Logistic Regression - Categorical vs. Numeric Independent Variables

Question

This may be more of a statistical question than an Alteryx question.  I'm having a problem figuring out how my dependent variable changes as certain non-numeric independent variables change.  These non-numeric variables are categorical, e.g., male / female.  The solution that I found (see attached workflow) works well with variables that only have two or three classifications.  The workflow is basically taking each variable's classification and making a dummy variable out of it so that it equals 1 if the record meets the criterion and 0 if it doesn't.  For instance, if I want to determine the effect that education level has, and that variable has four classifications - 1) no HS diploma, 2) HS grad, 3) some college, and 4) college grad, I'd wind up with four additional independent variables (all dummies) and each record would have a 1 in only one of those four columns based on their highest education level attained.

The problem I'm running into is when the categories extend beyond just a few classifications.  Here's an example - I want to determine if certain supervisors (of which there are hundreds in our organization) are more likely to have employees quit within the first year of employment.  If I were to use this same workflow, I would have hundreds of additional dummy variables - one for each supervisor.  It's not a numeric variable, so it doesn't work with my Logistic Regression tool.  How are variables like this worked into logistic or multiple regression analyses?

Creating Dummy variables for regression analysis.yxmd

JohnJPS · Accepted Answer

I think the analysis described would only be useful if you're scratching the surface and looking for reason codes: e.g. trying to answer why people under a given supervisor quit.  If you just want a probability, simple aggregation would give you that: how many people quit in general vs. how many under a given supervisor. That's very simple and also more accurate than the guesswork a GLM would give you.

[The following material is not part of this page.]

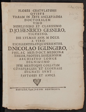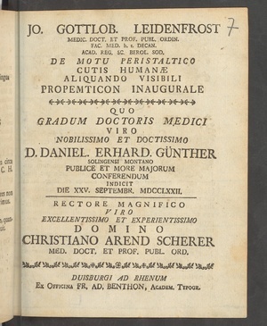 Jo. Gottlob. Leidenfrost, Medic. Doct. Et. Prof. Publ. Ordin. Fac. Med. h. t. Decan. Acad. Reg. Sc. Berol. Sod. De Motu Peristaltico Cutis Humanæ Aliquando Visibili Propemticon Inaugurale Quo Gradum Doctoris Medici Viro Nobilissimo Et Doctissimo D. Daniel Erhard. Günther, Solingensi Montano, Publice Et More Majorum Conferendum Indicit Die XXV. Septembr. MDCCLXXII., Rectore Magnifico Viro Excellentissimo Et Experientissimo Domino Christiano Arend Scherer, Med. Doct. et prof. Publ. Ord.

For machine learning / modeling to be useful, to provide the answer to "why people quit under certain supervisors," you might not be able to limit it to just one supervisor. You could exclude that variable, and then look for other reasons in an analysis that takes into account other factors. Then grab the "ten worst" from the simple aggregation described above, and examine how they overlap with the results of your GLM... that may help you pinpoint for that particular supervisor, how they can improve their game.

Hope that helps!

John